HELIOS-A (Vutrisiran)
In HELIOS-A (N=164), vutrisiran 25 mg SC every 3 months reduced serum TTR by 83% at 9 months vs. 3% with placebo (P<0.001), and the modified Neuropathy Impairment Score improved by 2.2 points vs. A 5.0-point worsening with placebo. Concomitant use of tafamidis or diflunisal (TTR stabilizers) was allowed per protocol; no PK interaction was identified.
APOLLO-B (Patisiran in Cardiomyopathy)
The APOLLO-B trial (N=360) demonstrated that patisiran 0.3 mg/kg IV every 3 weeks reduced TTR protein by 87% and improved 6-minute walk distance by 14.7 meters vs. Placebo at 12 months (P=0.0152) in patients with TTR amyloid cardiomyopathy. Patients on tafamidis were eligible; no PK signals emerged from that co-administration.
Renal and Hepatic Dose Adjustments
Inclisiran Renal Dosing
Inclisiran does not require dose adjustment for mild (CrCl 60-89 mL/min), moderate (CrCl 30-59 mL/min), or severe (CrCl 15-29 mL/min) renal impairment. Patients with CrCl <15 mL/min or on dialysis were excluded from Phase III trials; use in this population should be individualized. The FDA label confirms this guidance.
Inclisiran Hepatic Dosing
Mild and moderate hepatic impairment (Child-Pugh A and B) do not require dose adjustment. Severe hepatic impairment (Child-Pugh C) was not studied; use caution given the liver as the primary site of drug action and degradation.
Patisiran and Vutrisiran Hepatic Considerations
Patisiran trials excluded patients with ALT or AST more than 2 times the upper limit of normal. Vutrisiran trials used the same cutoff. Neither agent should be initiated during acute hepatic decompensation. The prescribing information for vutrisiran specifies this restriction.
Injection-Site Reactions and Monitoring Protocol
Injection-site reactions (ISRs) are the most common adverse event with inclisiran and vutrisiran. In ORION-10, ISRs occurred in 8.2% of inclisiran-treated patients vs. 1.8% placebo. They were almost all mild or moderate in severity and did not lead to discontinuation. No systemic hypersensitivity reactions meeting anaphylaxis criteria were reported in Phase III. Patisiran, delivered by IV, carries a higher infusion-related reaction rate (18% vs. 9% placebo in APOLLO); premedication with dexamethasone, oral acetaminophen, and an H1/H2 blocker is required.

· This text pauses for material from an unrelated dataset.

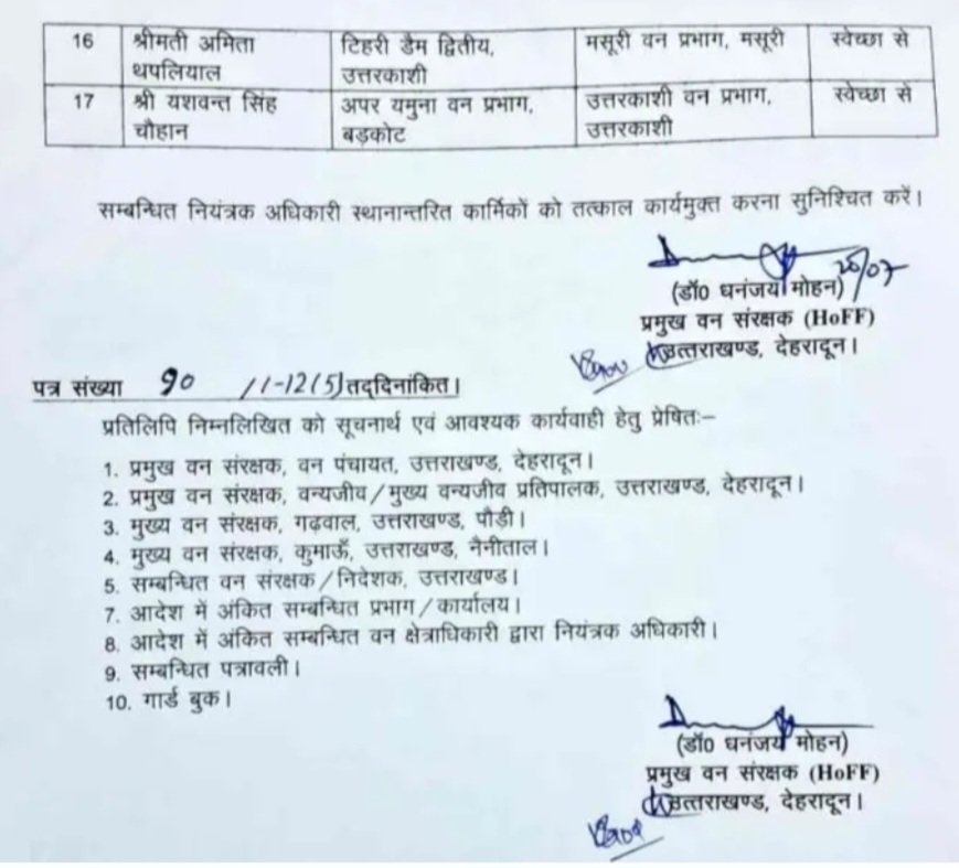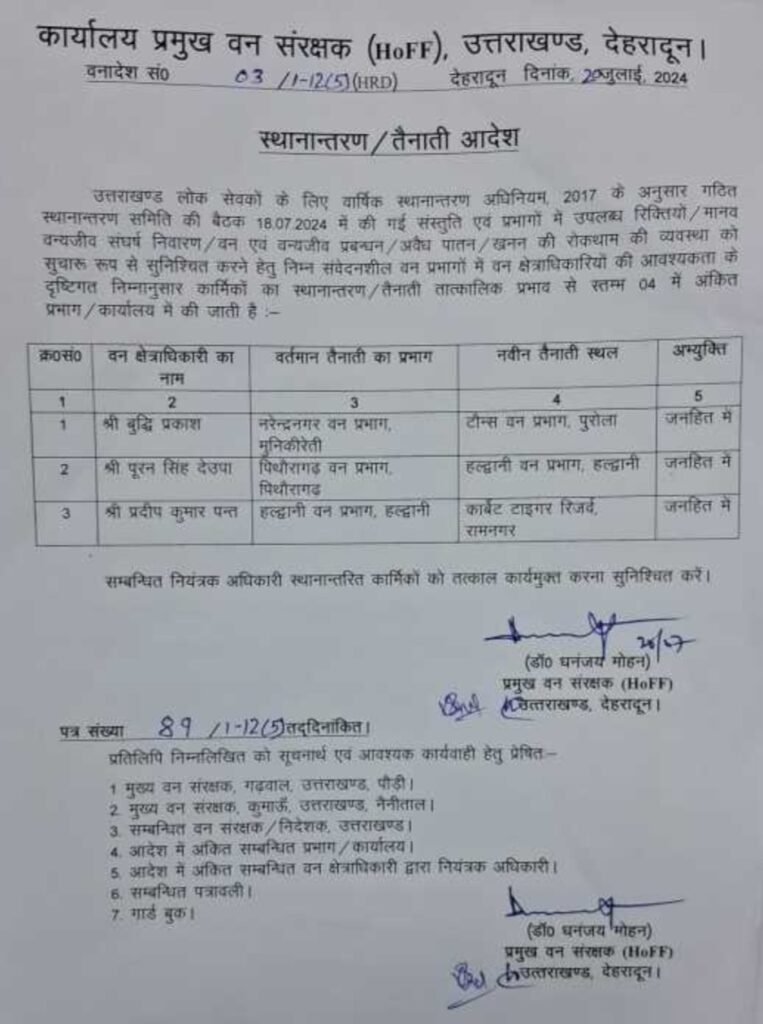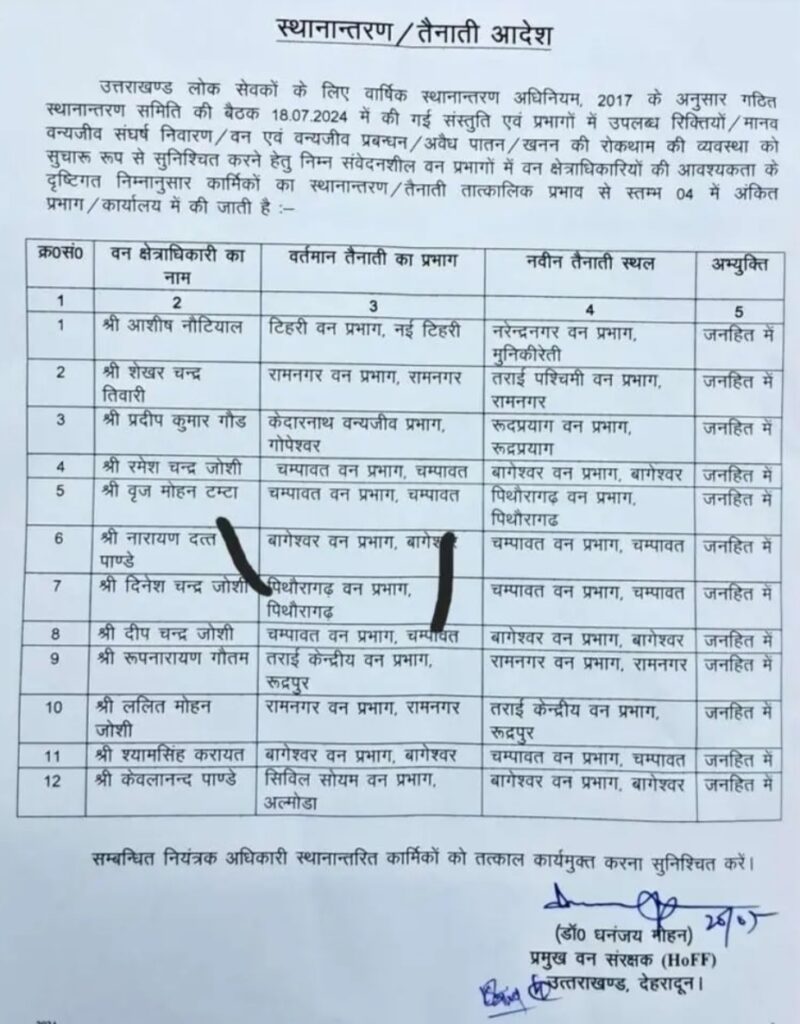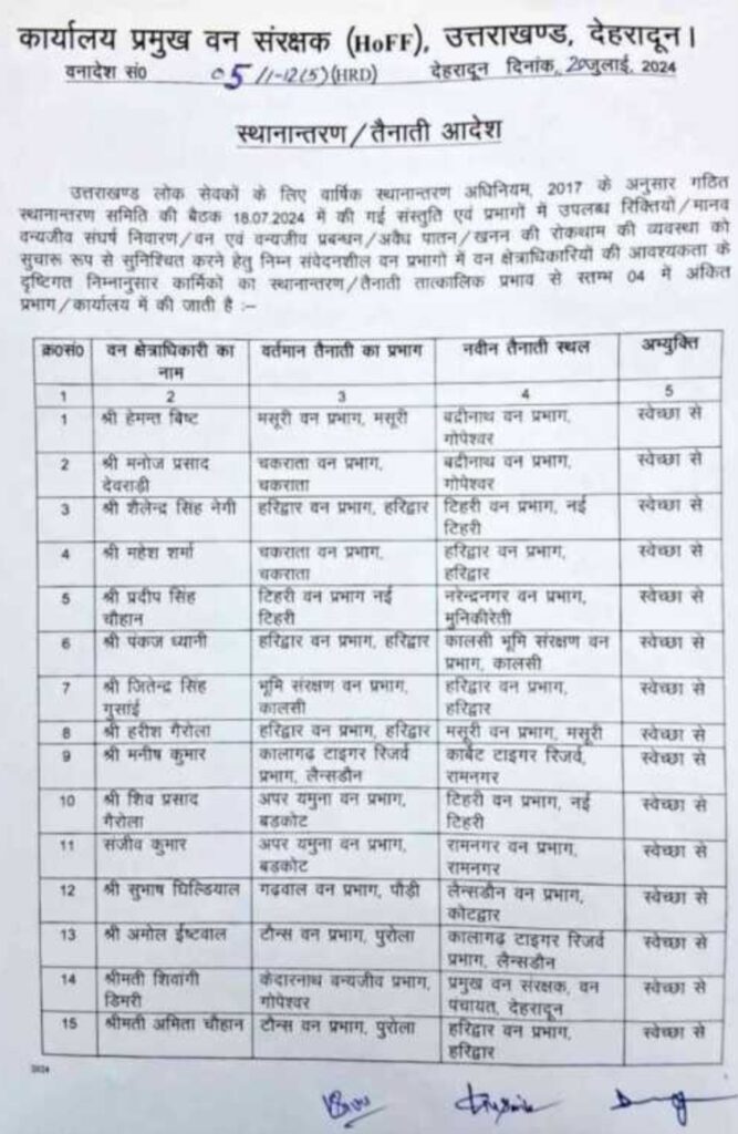 देहरादून। वन मुख्यालय देहरादून से बड़ी खबर है उत्तराखंड वन विभाग में 32 वन क्षेत्राधिकारियों के तबादले किए गए हैं। जिसकी पहली सूची जारी की गई है।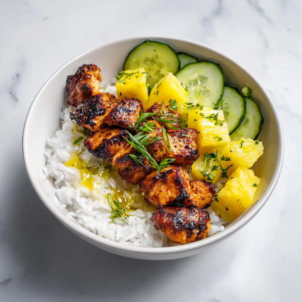- Assemble the bowl by placing the rice in the base. Top with the grilled chicken, pineapple chunks, and cucumber.

HealthRX Monitoring Framework for siRNA Lipid Therapeutics
The following schedule applies to most outpatient prescribers initiating inclisiran as add-on therapy:
- Baseline (before dose 1): Fasting lipid panel, ALT/AST, CrCl or eGFR, pregnancy test if applicable.
- Month 3 (before dose 2): Fasting LDL-C to confirm response; no PK monitoring needed.
- Month 6 (after dose 2): Fasting lipid panel, ALT/AST. LDL-C nadir is typically reached here.
- Every 6 months (ongoing): Fasting lipid panel before each provider-administered injection. Review concomitant medications for any newly initiated agents with narrow therapeutic index.
- For patisiran patients only: Vitamin A level annually; INR at initiation and after doses 1-2 if on warfarin; TSH every 6 months if on levothyroxine.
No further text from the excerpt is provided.